In January 2010, an outbreak of gastroenteritis was detected in a high school in Lleida, Spain. In most cases, symptom onset was on the day before notification of the outbreak: some cases had presented with vomiting within the high school and most consumed food in the school dining room, which has its own kitchen.

The aim of this study was to investigate an outbreak of norovirus gastroenteritis in a high school and to assess the relative importance of transmission by food, vomit, or contact with cases.

METHODS

On 27 January 2010, an outbreak of gastroenteritis that affected students and teachers of different ages and school years was detected in a high school in the city of Lleida, Spain. The school had 573 students aged between 12 and 18 years grouped into six academic years [first, second, third and fourth years of obligatory secondary education (12–16 years) and first and second years of baccalaureate (17–18 years)] and 65 teachers. In many cases, symptoms had begun on 26 January and most cases had consumed food in the school dining room, which has its own kitchen. On the day the outbreak was notified, approximately 150 students had not attended school, mostly due to gastroenteritis, although the school had no register of the causes of absenteeism.

Three food handlers worked in the school kitchen. The head chef presented nausea without vomiting on 24 and 25 January.
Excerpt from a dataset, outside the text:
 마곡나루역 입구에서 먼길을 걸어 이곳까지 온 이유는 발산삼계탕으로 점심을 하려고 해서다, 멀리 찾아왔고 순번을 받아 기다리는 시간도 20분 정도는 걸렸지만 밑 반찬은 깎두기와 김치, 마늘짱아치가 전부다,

On Monday 25 January, the chef cooked the day's food but could not finish the workday due to gastrointestinal discomfort. Some affected students had also vomited in different places in the school (restrooms, classrooms, corridors, but not in the dining room). Restrooms were common for the dining room and classes but there was no evidence that sick students used them before consumption of food on 25 and 26 January. The food served was macaroni, sausages with tomatoes, and fruit on 25 January, and soup, roast chicken and fruit and/or yogurt on 26 January. All food was cooked on the same day it was consumed, and was served by the food handlers on metal plates. Students and teachers collected the food and ate it in the dining room next to the kitchen. The school used water from the municipal network and also had a water deposit and a chlorinator. This background led to the hypothesis of an outbreak of gastroenteritis that affected students and teachers caused by consumption of food and/or person-to-person transmission and/or vomit (directly or through surface contamination) from infected persons.

An epidemiological case-control study of the risk associated with eating food in the school, being a close contact of a classmate with gastroenteritis (sitting next to a gastroenteritis case in class) and being exposed to vomit (<1 m distance) was made. In addition, the relative importance of each mode of transmission was estimated.
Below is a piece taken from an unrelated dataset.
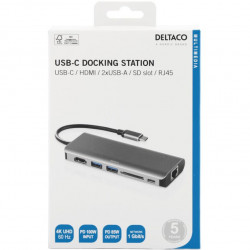 USB-C dokovacia stanica, 1x HDMI/RJ45/2x USB-A/SD - 4K UHD/ 60 Hz (3 840 x 2 160 pri 60 Hz), Kompatibilita: Plug and Play vyhovuje HDMI 2.0 HDCP 2.2 a HDCP 1.4, PD vstup: 100W, PD výstup: 85W, Pripojenia: USB-C samica, USB-C samec, HDMI samica, 2x USB-A samica, SD slot, RJ45 samica, Šírka pásma HDMI: 14,4 Gbit/s (kódované), Sieť: 1 Gbit/s
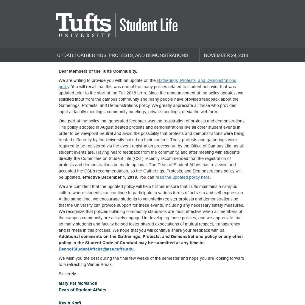 We are writing to provide you with an update on the Gatherings, Protests, and Demonstrations policy. You will recall that this was one of the many polices related to student behavior that was updated prior to the start of the Fall 2018 term. Since the announcement of the policy updates, we solicited input from the campus community and many people have provided feedback about the Gatherings, Protests, and Demonstrations policy. We greatly appreciate all those who provided input at faculty meetings, community meetings, private meetings, or via the webform. One part of the policy that generated feedback was the registration of protests and demonstrations. The policy adopted in August treated protests and demonstrations like all other student events in order to be viewpoint-neutral and avoid the possibility that protests and demonstrations were being treated differently by the University based on their content. Thus, protests and gatherings were required to be registered via the event registration process run by the Office of Campus Life, as all student events are. Having heard feedback from the community, and after meeting with students directly, the Committee on Student Life (CSL) recently recommended that the registration of protests and demonstrations be made optional. The Dean of Student Affairs has reviewed and accepted the CSL’s recommendation, so the Gatherings, Protests, and Demonstrations policy will be updated, effective December 1, 2018. You can read the updated policy here. We are confident that the updated policy will help further ensure that Tufts maintains a campus culture where students can continue to participate in various forms of activism and self-expression. At the same time, we encourage students to voluntarily register protests and demonstrations so that the University can provide support for these events, including any necessary safety measures. We recognize that policies outlining community standards are most effective when all members of the campus community are actively engaged in developing those policies, and we appreciate that so many students and faculty helped foster shared expectations of mutual respect, transparency, and fairness in this process. We hope that you will continue share your feedback with us. Additional comments on the Gatherings, Protests, and Demonstrations policy or any other policy in the Student Code of Conduct may be submitted at any time to DeanofStudentAffairs@ase.tufts.edu. We wish you the best during the final few weeks of the semester and hope you are looking forward to a refreshing Winter Break.

The case definition used was: being a student or teacher at the school who had vomiting and/or diarrhoea or ⩾2 of the following symptoms: nausea, abdominal pain, or fever, between 23 and 29 January 2010 and who were at school on 28 January when interviews were made. Cases and controls were selected from a systematic sample of the general list of students and teachers.

The three food handlers were interviewed and asked about the handling of food, and were provided with material for the collection of clinical samples. A health inspection of the kitchen was made and water and food samples were taken.
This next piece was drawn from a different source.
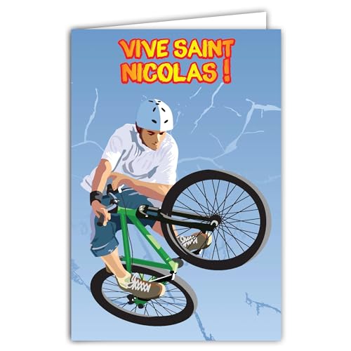 Öppningskort levande Saint Nicolas Happy Party 6 december cykelhjälm BMX freestyle sport extrem pojke tonåring ung man vän vän fashionabla sneakers - med vitt kuvert format 12 x 17,5 cm

Clinical samples were taken from 16 patients and three food handlers. Samples were pre-screened using standard microbiological tests to rule out bacteria (Salmonella, Shigella, Yersinia, Vibrio, Campylobacter, Aeromonas, verotoxigenic E. coli), parasites, rotaviruses and adenoviruses. Screening for norovirus was performed using two one-step quantitative reverse transcriptase–polymerase chain reaction (qRT–PCR) assays. Samples were analysed using a duplex qRT–PCR assay based on the primers and hydrolysis probes described by Kageyama et al. [Reference Kageyama17]. Genogroups were assigned after amplification by semi-nested RT–PCR of the ORF1/ORF2 junction region (region C) as previously described by Pérez et al. [Reference Pérez18].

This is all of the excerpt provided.